• **TASK INSTRUCTIONS**: Copy exactly, no pictures: every line from the one that contains "おはようございます(˶ᵔ ᵔ˶) クレマチス♡ベルオブウォーキング💜🤍💚" through the end of the entries below.

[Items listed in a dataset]
- Opening Delimiter -

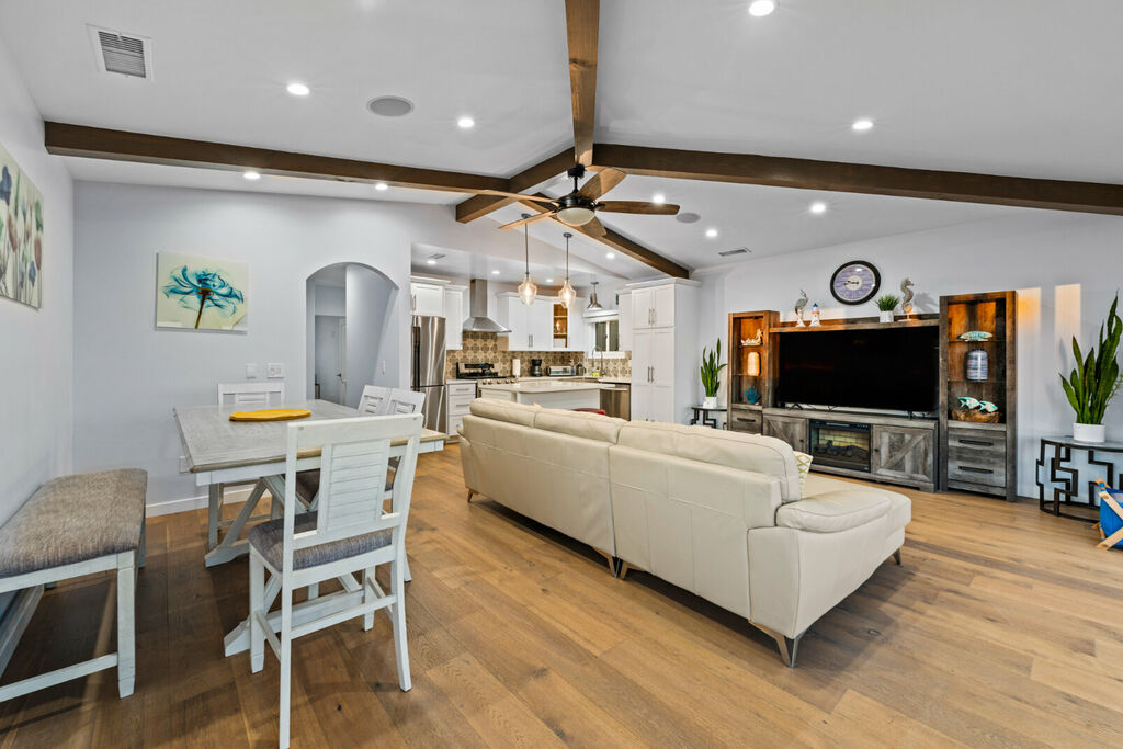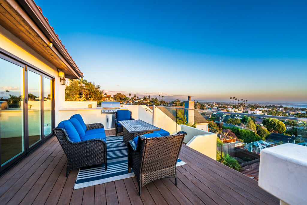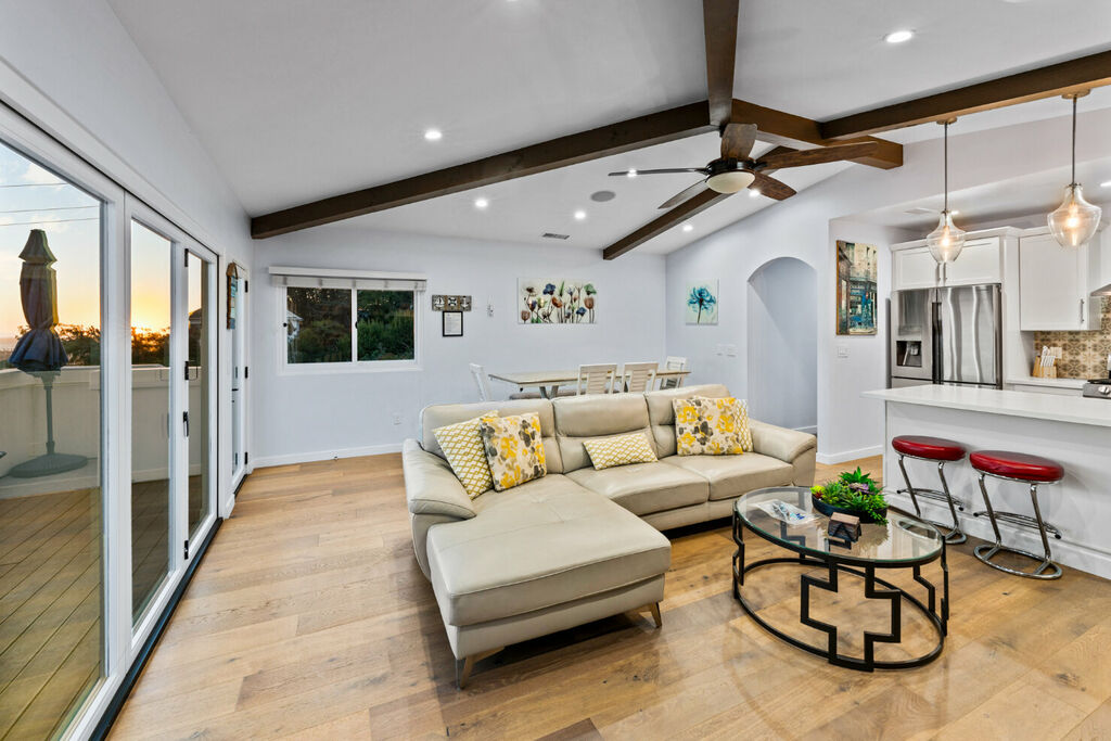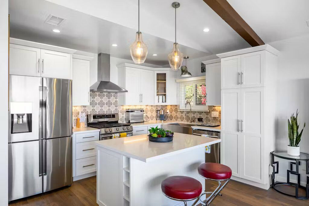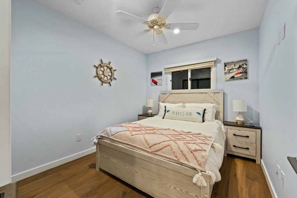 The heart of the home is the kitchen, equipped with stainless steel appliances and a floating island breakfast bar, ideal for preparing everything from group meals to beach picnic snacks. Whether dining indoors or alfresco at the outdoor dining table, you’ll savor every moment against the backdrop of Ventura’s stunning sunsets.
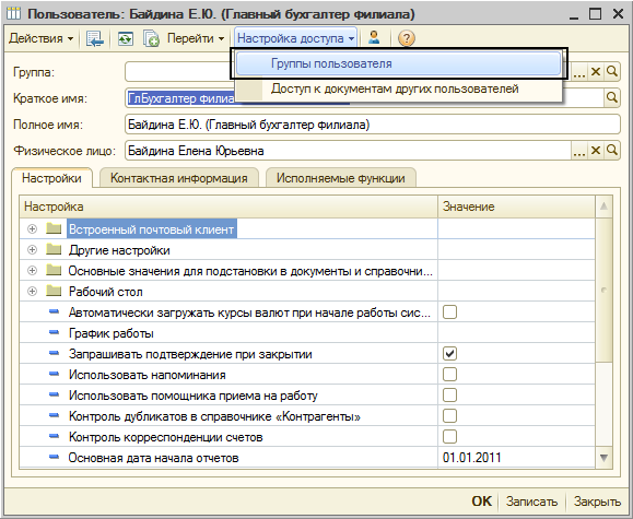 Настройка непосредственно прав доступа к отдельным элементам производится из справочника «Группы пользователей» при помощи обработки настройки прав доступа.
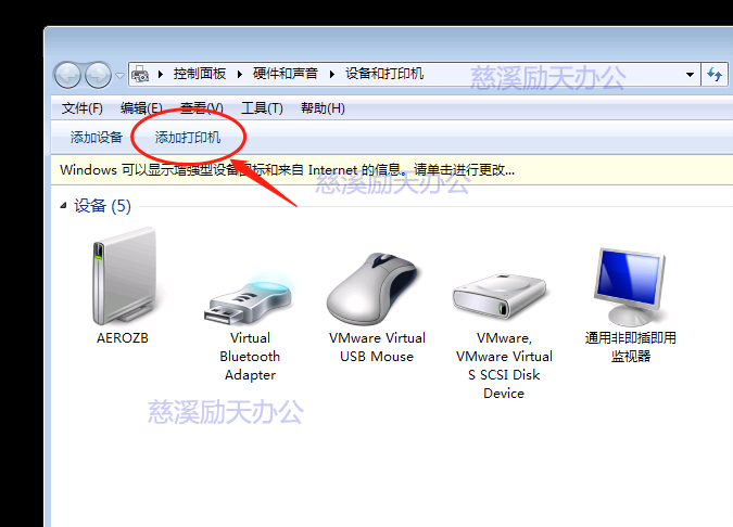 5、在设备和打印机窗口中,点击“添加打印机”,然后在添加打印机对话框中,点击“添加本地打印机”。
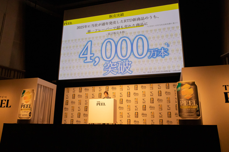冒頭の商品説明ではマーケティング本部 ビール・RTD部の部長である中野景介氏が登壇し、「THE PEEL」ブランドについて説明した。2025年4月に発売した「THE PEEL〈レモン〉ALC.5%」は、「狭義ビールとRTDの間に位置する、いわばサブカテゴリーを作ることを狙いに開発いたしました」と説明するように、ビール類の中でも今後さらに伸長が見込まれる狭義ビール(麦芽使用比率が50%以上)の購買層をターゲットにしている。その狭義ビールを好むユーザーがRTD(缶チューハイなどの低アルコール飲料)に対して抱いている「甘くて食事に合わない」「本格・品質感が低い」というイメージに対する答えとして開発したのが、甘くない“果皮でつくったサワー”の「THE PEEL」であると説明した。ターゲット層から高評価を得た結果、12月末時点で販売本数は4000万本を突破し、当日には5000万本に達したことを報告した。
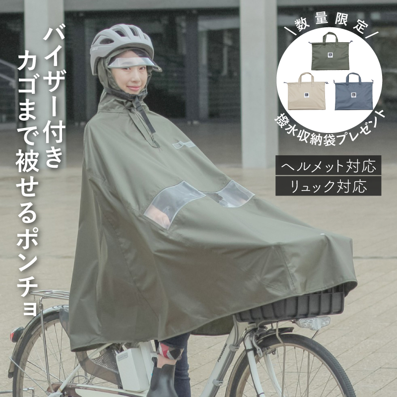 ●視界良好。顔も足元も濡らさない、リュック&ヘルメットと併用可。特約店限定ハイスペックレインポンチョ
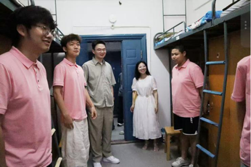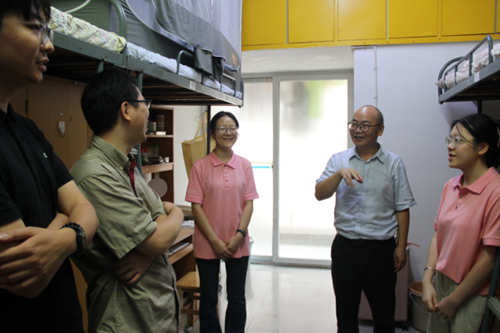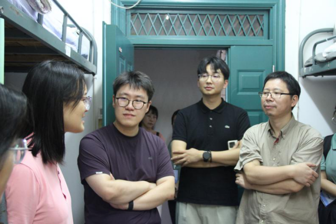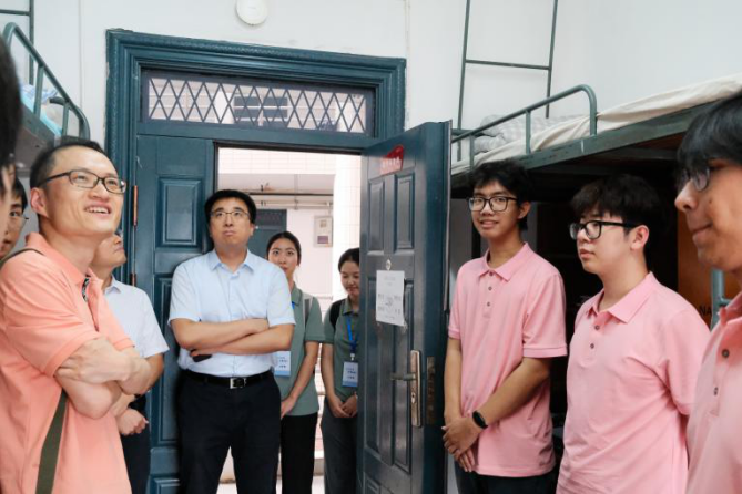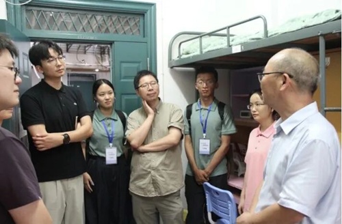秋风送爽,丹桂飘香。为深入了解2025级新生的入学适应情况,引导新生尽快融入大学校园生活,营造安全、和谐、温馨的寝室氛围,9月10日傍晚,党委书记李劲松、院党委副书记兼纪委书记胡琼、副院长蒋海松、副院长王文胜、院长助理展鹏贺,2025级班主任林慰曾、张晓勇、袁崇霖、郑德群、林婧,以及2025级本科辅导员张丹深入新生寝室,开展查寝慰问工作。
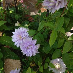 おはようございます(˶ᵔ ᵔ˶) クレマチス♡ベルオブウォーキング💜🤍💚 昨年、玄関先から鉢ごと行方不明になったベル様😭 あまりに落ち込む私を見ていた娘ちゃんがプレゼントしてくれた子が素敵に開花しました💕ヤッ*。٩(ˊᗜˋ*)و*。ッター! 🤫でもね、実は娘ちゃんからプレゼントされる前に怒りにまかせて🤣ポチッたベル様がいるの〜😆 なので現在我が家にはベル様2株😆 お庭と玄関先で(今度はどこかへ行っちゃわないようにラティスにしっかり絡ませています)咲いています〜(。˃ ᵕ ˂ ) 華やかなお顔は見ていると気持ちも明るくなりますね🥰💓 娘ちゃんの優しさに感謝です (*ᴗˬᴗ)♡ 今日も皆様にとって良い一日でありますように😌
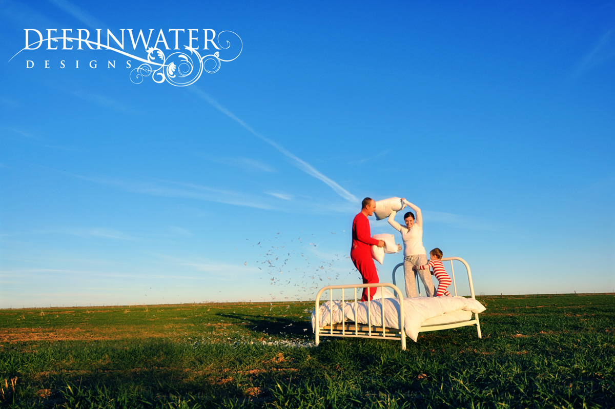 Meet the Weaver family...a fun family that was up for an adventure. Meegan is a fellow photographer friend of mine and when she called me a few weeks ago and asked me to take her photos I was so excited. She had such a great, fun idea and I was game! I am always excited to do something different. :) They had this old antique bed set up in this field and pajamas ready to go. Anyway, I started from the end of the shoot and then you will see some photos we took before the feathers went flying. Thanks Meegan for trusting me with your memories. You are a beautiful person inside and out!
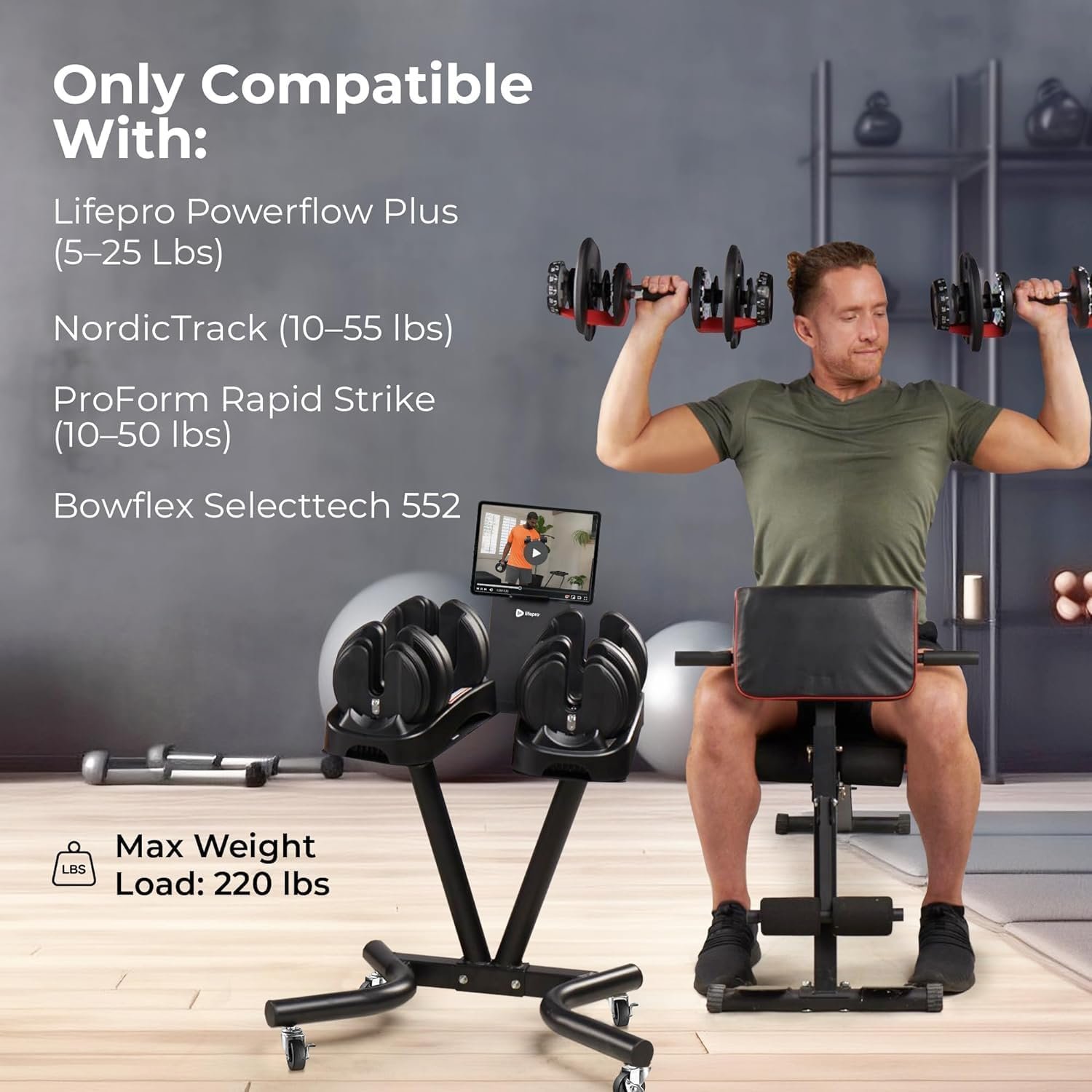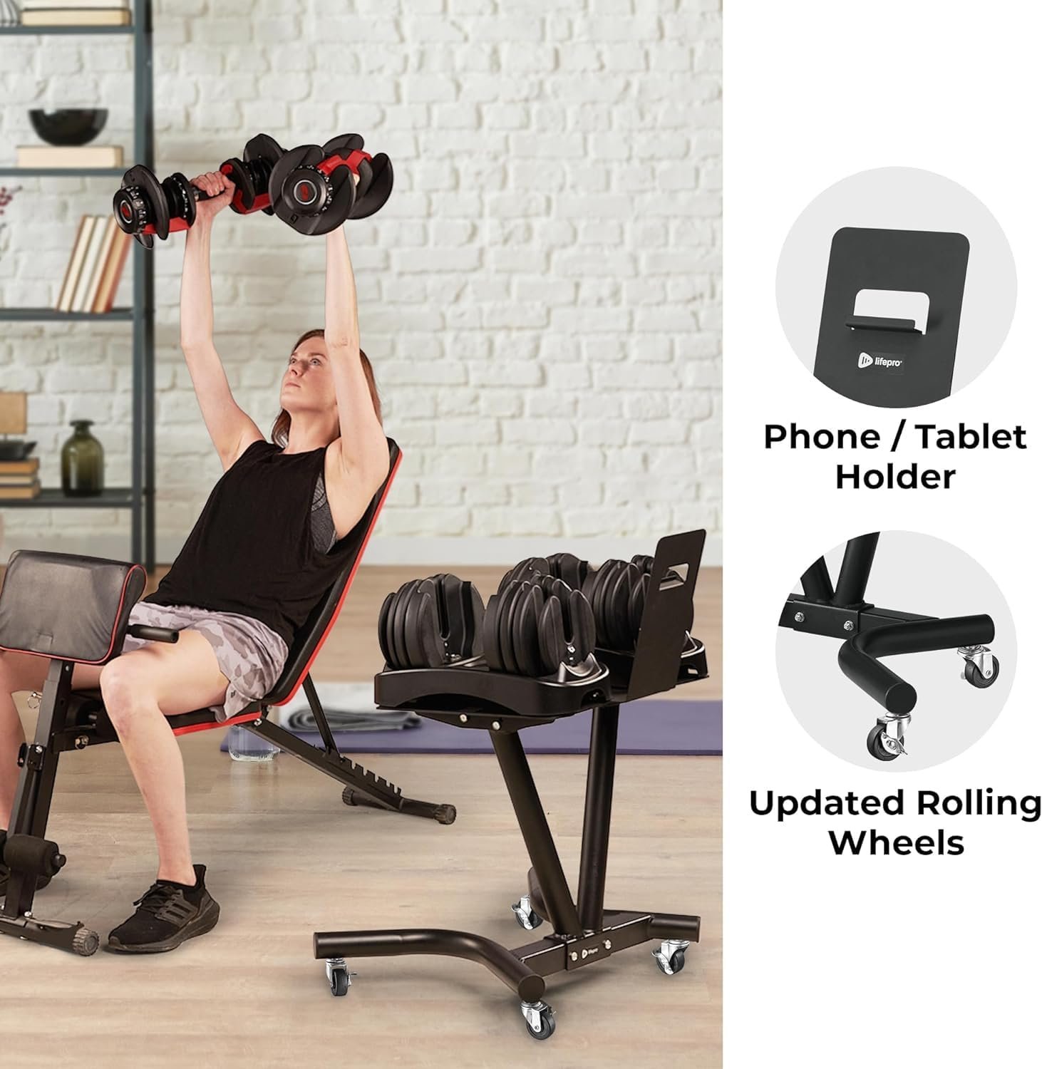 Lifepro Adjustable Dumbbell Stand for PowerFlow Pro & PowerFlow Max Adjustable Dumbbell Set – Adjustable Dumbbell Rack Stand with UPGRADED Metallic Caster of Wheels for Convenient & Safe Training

- Closing Delimiter -

• **SOLUTION TO THIS EXERCISE**:
 おはようございます(˶ᵔ ᵔ˶) クレマチス♡ベルオブウォーキング💜🤍💚 昨年、玄関先から鉢ごと行方不明になったベル様😭 あまりに落ち込む私を見ていた娘ちゃんがプレゼントしてくれた子が素敵に開花しました💕ヤッ*。٩(ˊᗜˋ*)و*。ッター! 🤫でもね、実は娘ちゃんからプレゼントされる前に怒りにまかせて🤣ポチッたベル様がいるの〜😆 なので現在我が家にはベル様2株😆 お庭と玄関先で(今度はどこかへ行っちゃわないようにラティスにしっかり絡ませています)咲いています〜(。˃ ᵕ ˂ ) 華やかなお顔は見ていると気持ちも明るくなりますね🥰💓 娘ちゃんの優しさに感謝です (*ᴗˬᴗ)♡ 今日も皆様にとって良い一日でありますように😌
 Meet the Weaver family...a fun family that was up for an adventure. Meegan is a fellow photographer friend of mine and when she called me a few weeks ago and asked me to take her photos I was so excited. She had such a great, fun idea and I was game! I am always excited to do something different. :) They had this old antique bed set up in this field and pajamas ready to go. Anyway, I started from the end of the shoot and then you will see some photos we took before the feathers went flying. Thanks Meegan for trusting me with your memories. You are a beautiful person inside and out!
 Lifepro Adjustable Dumbbell Stand for PowerFlow Pro & PowerFlow Max Adjustable Dumbbell Set – Adjustable Dumbbell Rack Stand with UPGRADED Metallic Caster of Wheels for Convenient & Safe Training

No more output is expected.